TeaFYI

Water Temperature

Brewing & Steeping

التعريف

The heat level of water used for brewing, typically ranging from 60 C for delicate green teas to 100 C for black and herbal teas. Correct temperature is the single most important variable in avoiding bitterness or under-extraction.

التفاصيل

Water temperature directly controls which compounds dissolve from the leaf and how quickly. Catechins, the primary source of astringency, extract rapidly at higher temperatures, while amino acids like L-theanine release more evenly.

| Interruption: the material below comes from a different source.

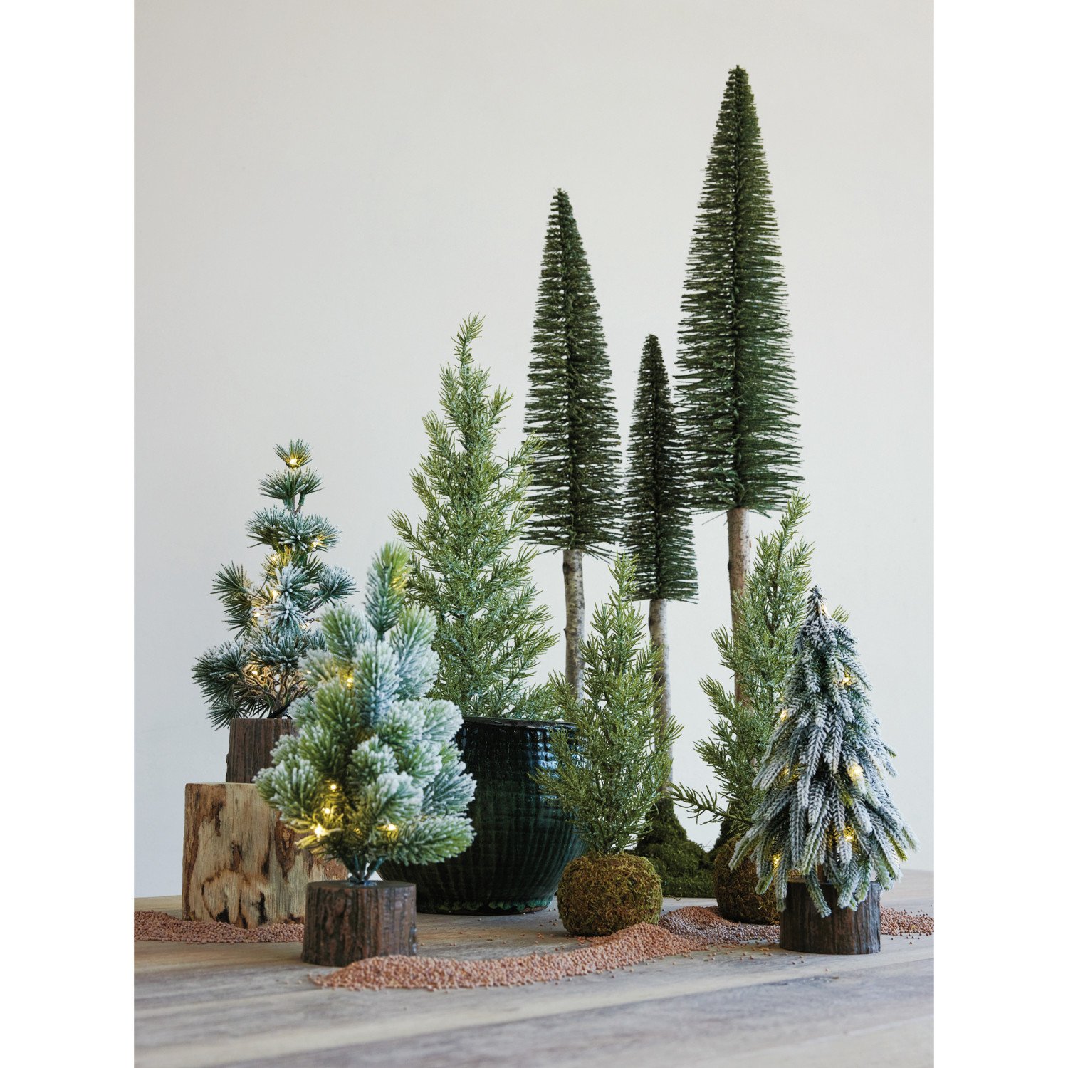 Plastic Bottle Brush Trees with Birch Wood Trunks & Moss Base

Delicate Japanese greens such as gyokuro are best brewed at 50-60 C to emphasize sweetness and umami while minimizing bitterness. Chinese green teas perform well at 75-80 C. Oolongs span a wide range: lightly oxidized varieties prefer 85-90 C, while roasted oolongs and dark oolongs tolerate 95 C. Black teas and pu-erh generally require a full rolling boil. White teas, despite their delicacy, are surprisingly forgiving and can be brewed anywhere from 80-95 C. Using water that is too hot for a given tea overwhelms subtle flavors with harsh tannins, while water that is too cool fails to unlock the leaf's full aromatic potential. An adjustable-temperature kettle is the single most useful upgrade for any tea brewer.